#### [What the task requires]
Your answer must be the exact lines below, starting with the line with "Nach dem Sektempfang" and going on through the line with "verschiedene Linsen mit", both included, with no pictures.

#### [Source information]

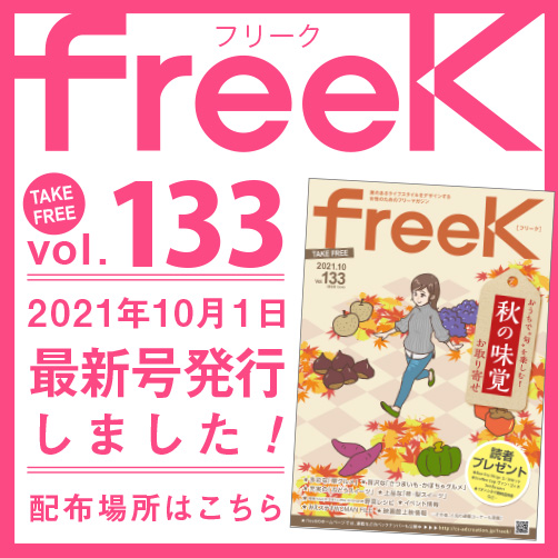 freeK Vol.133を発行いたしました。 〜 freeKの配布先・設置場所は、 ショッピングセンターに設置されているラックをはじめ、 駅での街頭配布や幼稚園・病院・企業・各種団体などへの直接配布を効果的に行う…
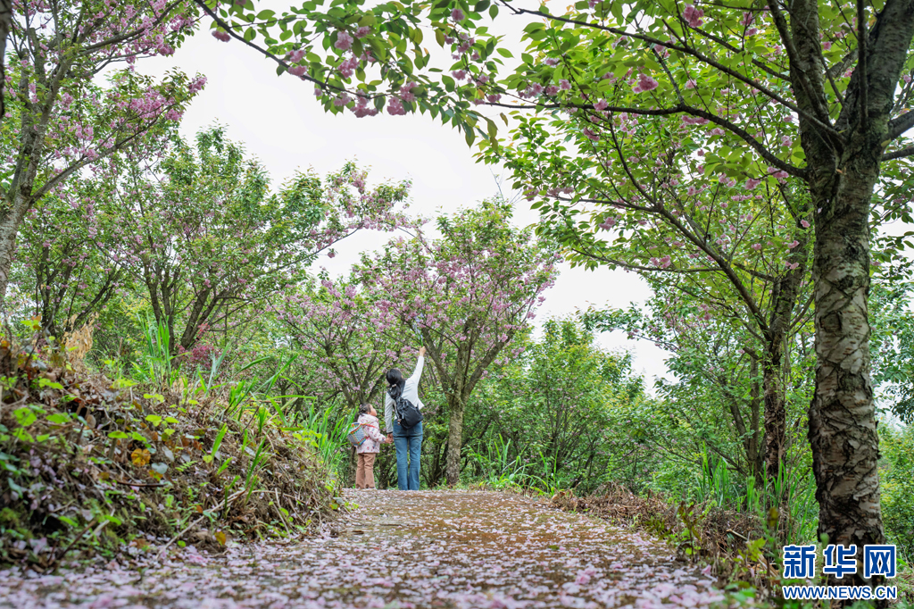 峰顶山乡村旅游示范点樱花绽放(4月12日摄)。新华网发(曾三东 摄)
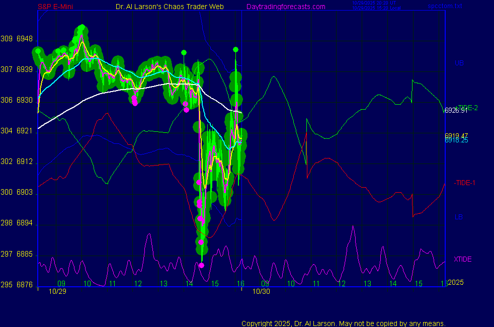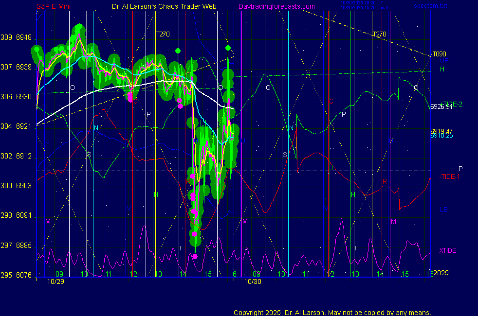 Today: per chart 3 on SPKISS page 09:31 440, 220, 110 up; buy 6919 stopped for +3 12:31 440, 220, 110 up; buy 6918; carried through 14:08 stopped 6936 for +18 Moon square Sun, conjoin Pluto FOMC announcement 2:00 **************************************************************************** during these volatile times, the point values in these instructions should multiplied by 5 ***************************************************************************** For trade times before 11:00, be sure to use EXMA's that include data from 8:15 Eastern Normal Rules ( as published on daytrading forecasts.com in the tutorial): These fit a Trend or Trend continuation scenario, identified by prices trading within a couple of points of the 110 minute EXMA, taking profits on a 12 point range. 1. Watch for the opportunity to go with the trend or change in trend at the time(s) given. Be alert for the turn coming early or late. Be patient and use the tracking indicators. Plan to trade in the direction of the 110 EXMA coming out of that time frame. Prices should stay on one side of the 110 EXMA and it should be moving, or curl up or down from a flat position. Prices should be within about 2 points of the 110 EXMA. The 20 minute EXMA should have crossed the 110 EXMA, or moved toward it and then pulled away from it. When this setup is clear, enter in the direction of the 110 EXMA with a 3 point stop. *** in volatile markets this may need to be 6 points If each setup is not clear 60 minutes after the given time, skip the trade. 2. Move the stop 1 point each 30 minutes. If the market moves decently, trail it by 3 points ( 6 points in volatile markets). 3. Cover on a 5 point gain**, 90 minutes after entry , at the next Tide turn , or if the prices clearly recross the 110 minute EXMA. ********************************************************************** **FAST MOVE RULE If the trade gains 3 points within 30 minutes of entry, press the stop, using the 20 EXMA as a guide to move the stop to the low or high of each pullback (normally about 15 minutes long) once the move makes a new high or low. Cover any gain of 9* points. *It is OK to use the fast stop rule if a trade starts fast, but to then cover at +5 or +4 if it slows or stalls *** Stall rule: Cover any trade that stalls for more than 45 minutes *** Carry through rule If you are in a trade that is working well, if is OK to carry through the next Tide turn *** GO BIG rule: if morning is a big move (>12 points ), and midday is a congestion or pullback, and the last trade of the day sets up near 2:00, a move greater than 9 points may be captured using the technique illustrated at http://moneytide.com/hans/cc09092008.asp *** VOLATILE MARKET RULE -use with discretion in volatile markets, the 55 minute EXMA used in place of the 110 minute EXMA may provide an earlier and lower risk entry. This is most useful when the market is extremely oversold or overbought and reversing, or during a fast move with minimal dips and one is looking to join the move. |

---

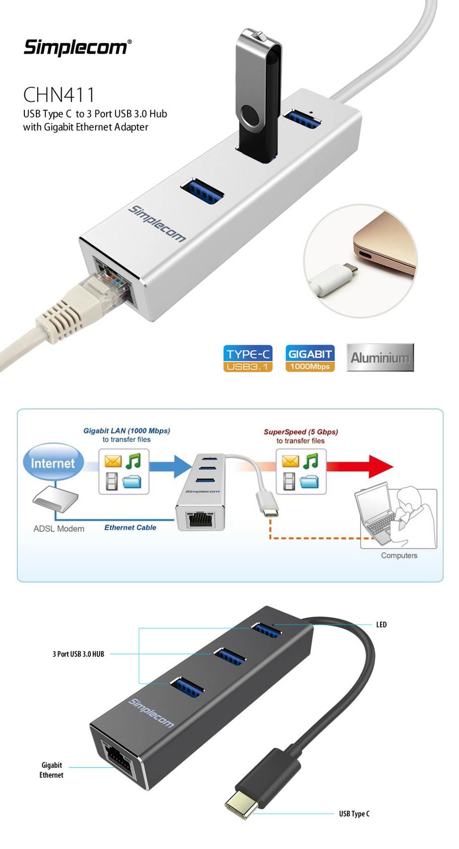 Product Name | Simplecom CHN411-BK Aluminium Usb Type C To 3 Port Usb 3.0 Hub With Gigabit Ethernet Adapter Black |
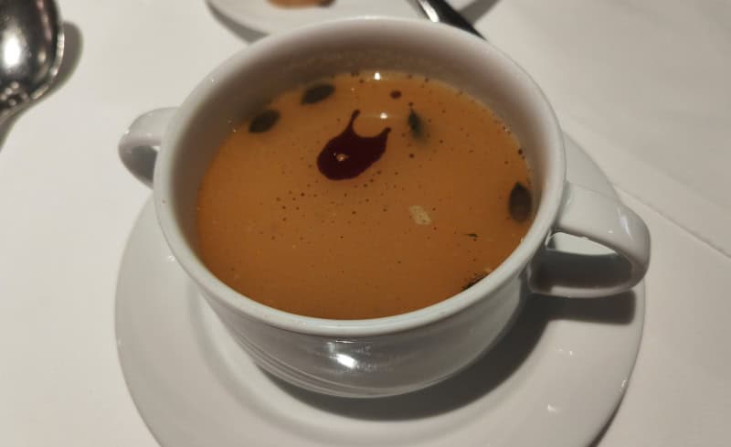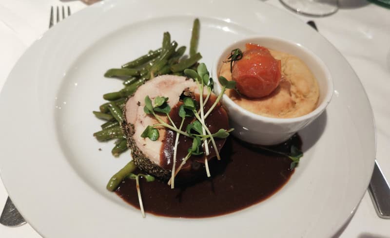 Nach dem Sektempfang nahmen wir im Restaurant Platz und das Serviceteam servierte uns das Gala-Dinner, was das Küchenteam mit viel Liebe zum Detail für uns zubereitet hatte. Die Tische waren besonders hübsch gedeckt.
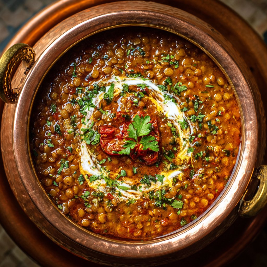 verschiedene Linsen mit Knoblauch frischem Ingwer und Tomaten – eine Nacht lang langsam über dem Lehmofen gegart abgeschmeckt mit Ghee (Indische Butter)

#### [Finished task]
 Nach dem Sektempfang nahmen wir im Restaurant Platz und das Serviceteam servierte uns das Gala-Dinner, was das Küchenteam mit viel Liebe zum Detail für uns zubereitet hatte. Die Tische waren besonders hübsch gedeckt.
 verschiedene Linsen mit Knoblauch frischem Ingwer und Tomaten – eine Nacht lang langsam über dem Lehmofen gegart abgeschmeckt mit Ghee (Indische Butter)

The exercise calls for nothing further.